The first step is to set up a virtual routing instance where we can apply non-default routing rules.
jhealy@qfx> show configuration routing-instances wan-oaf description "One-Armed Firewall (OAF) VRF for off-path firewalling"; instance-type virtual-router; interface xe-0/9/1.0; # interface of first firewall interface xe-0/9/2.0; # interface of second firewall routing-options { rib wan-oaf.inet.0 { static { route 0.0.0.0/0 { qualified-next-hop 192.168.9.1; # first firewall qualified-next-hop 192.168.9.2; # second firewall bfd-liveness-detection { minimum-interval 500; } } } } rib wan-oaf.inet6.0 { ## Note, as of 2016-03-25, Junpier does NOT ## support FBF in IPv6 on the QFX!! static { route ::/0 { qualified-next-hop 2001:db8:9::1; # first firewall qualified-next-hop 2001:db8:9::2; # second firewall bfd-liveness-detection { minimum-interval 500; } } } } }
When packets are sent to the routing instance above, they use the routing tables defined in the instance to forward the packets. In this case, the tables say to forward all packets to the firewalls.

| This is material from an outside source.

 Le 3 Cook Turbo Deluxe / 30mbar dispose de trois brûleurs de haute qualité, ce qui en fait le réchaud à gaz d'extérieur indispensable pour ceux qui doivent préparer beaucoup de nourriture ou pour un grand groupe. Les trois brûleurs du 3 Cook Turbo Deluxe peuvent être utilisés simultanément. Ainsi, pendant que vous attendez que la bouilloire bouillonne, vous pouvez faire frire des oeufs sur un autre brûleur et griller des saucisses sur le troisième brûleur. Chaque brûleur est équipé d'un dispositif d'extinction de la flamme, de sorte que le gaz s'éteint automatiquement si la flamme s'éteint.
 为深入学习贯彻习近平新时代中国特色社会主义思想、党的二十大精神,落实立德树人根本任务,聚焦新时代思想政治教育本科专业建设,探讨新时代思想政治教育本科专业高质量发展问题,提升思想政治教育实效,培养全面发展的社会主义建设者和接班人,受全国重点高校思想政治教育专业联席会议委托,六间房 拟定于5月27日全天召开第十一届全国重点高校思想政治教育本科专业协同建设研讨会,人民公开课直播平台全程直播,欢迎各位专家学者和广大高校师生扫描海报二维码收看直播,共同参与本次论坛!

The next piece of the puzzle is to get packets into this routing instance so they will get shunted to the firewalls. For this, you must use a firewall filter (hence, "filter-based forwarding"):
filter shunt-to-firewalls { term transit-oaf-needed { then { routing-instance wan-oaf; } } }
That's the simplest rule possible, and could be applied on an
inbound interface from your LAN. It would then turn around and dump
all packets into the wan-oaf
instance. In practice, you'd want to
add extra firewall terms so some packets don't get sent to the
firewall. For example, if you had hosts that didn't need NAT or
firewall processing, you could match and accept them before the rule
that sends the packets to the routing instance. In this way, you can
exempt some traffic.
You'll need a similar rule that matches traffic inbound from the WAN that send the packets to the firewalls for un-NAT and/or state checking.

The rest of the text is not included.